(Source records)
>>>

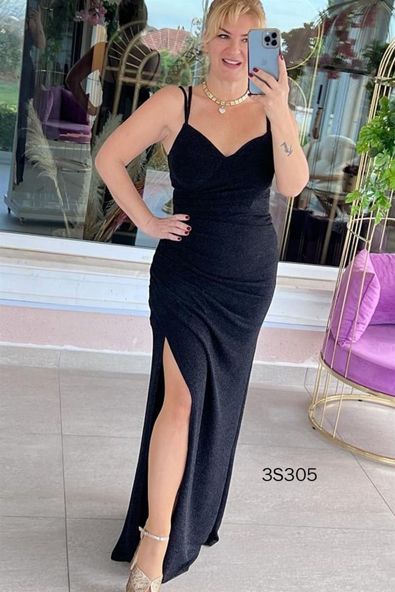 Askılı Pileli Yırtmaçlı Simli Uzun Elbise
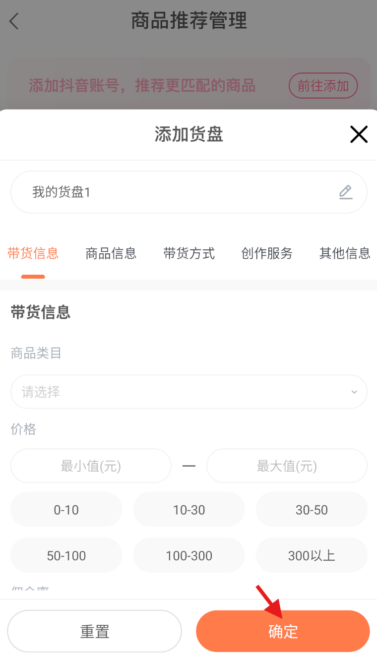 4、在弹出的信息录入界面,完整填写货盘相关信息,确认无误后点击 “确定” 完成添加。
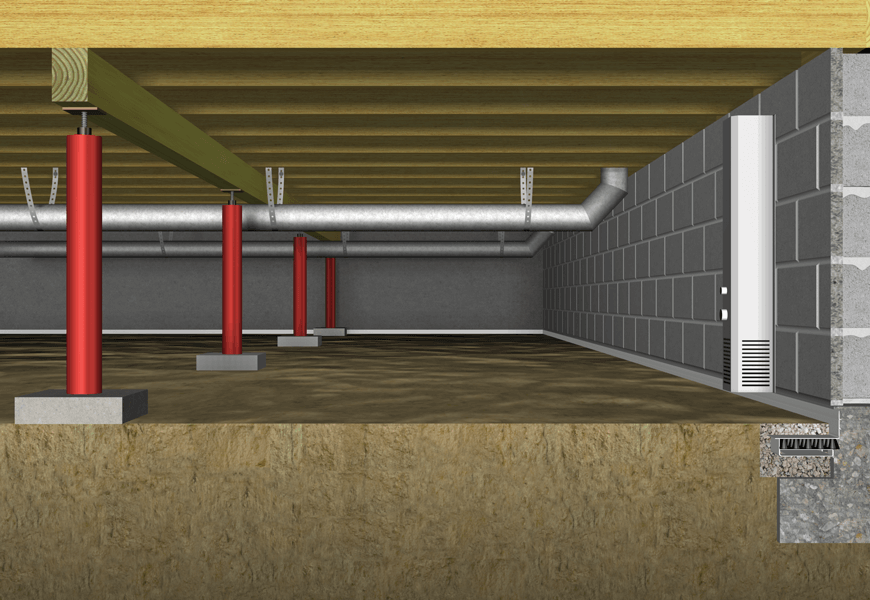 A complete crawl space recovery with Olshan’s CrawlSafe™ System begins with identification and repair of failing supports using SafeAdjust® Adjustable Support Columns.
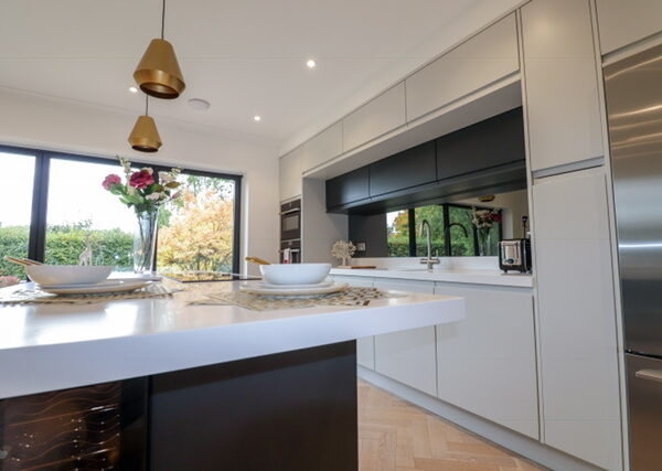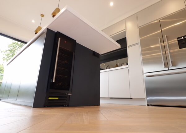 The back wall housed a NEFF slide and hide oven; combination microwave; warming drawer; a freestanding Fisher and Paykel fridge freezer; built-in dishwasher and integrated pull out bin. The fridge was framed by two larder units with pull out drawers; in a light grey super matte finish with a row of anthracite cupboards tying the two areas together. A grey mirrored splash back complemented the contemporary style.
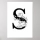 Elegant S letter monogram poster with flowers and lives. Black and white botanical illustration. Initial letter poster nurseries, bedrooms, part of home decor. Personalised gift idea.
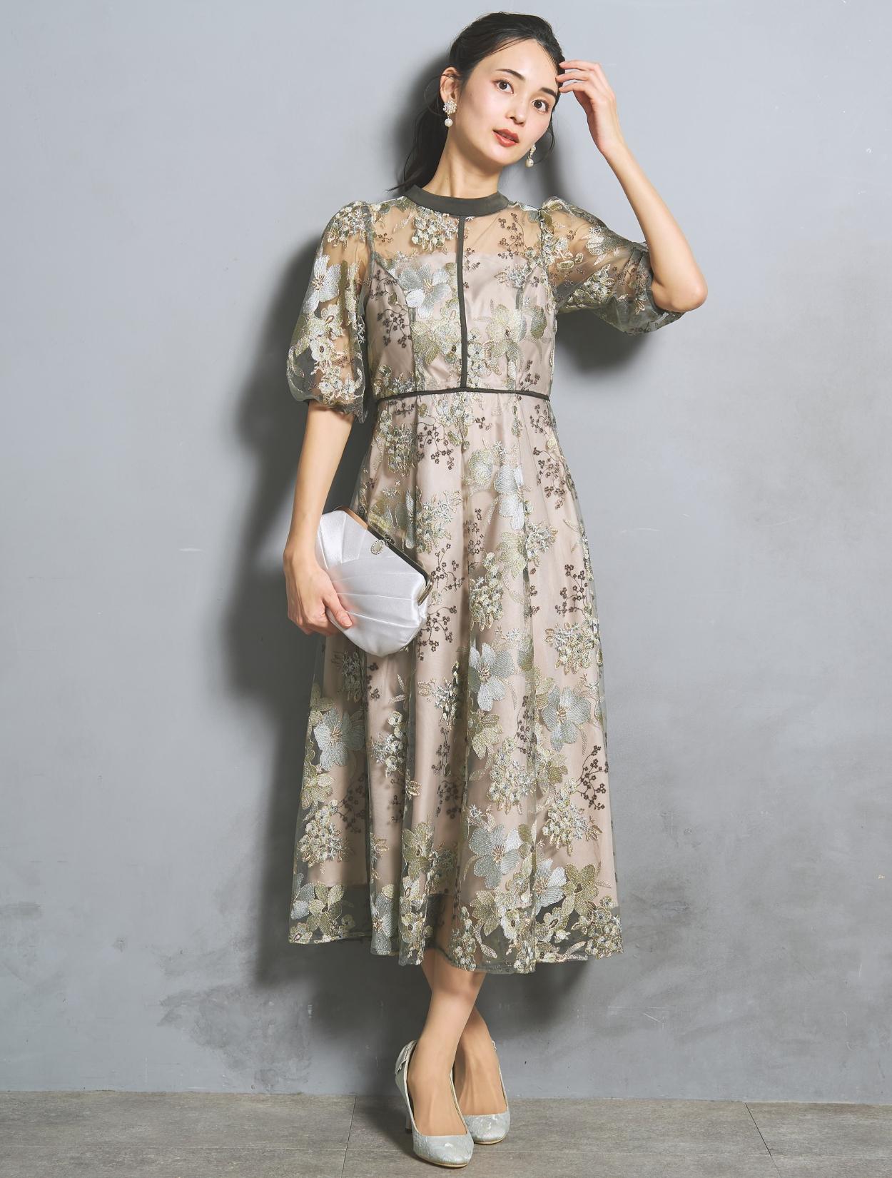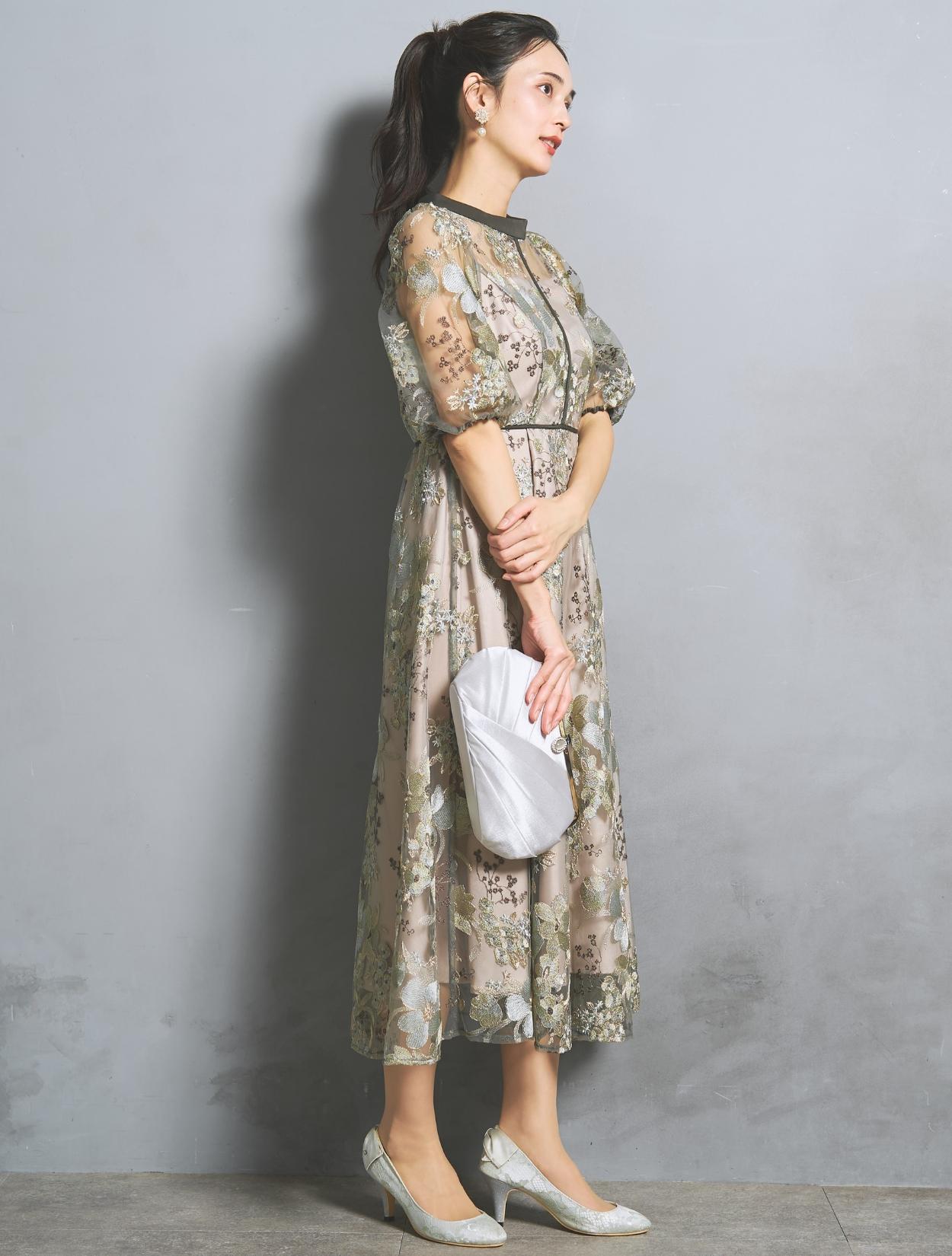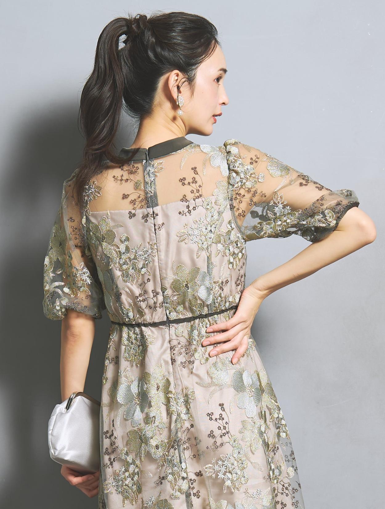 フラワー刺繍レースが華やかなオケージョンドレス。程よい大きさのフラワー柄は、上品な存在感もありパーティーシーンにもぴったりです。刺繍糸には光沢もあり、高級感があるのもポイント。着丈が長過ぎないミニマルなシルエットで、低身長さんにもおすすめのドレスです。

<<<

▶ _THE TASK_
Please write out, exactly, every line from the line with "Elegant S letter" through the final line of the data above, leaving out pictures.

▶ _RESPONSE TO THE EXERCISE_
 Elegant S letter monogram poster with flowers and lives. Black and white botanical illustration. Initial letter poster nurseries, bedrooms, part of home decor. Personalised gift idea.
 フラワー刺繍レースが華やかなオケージョンドレス。程よい大きさのフラワー柄は、上品な存在感もありパーティーシーンにもぴったりです。刺繍糸には光沢もあり、高級感があるのもポイント。着丈が長過ぎないミニマルなシルエットで、低身長さんにもおすすめのドレスです。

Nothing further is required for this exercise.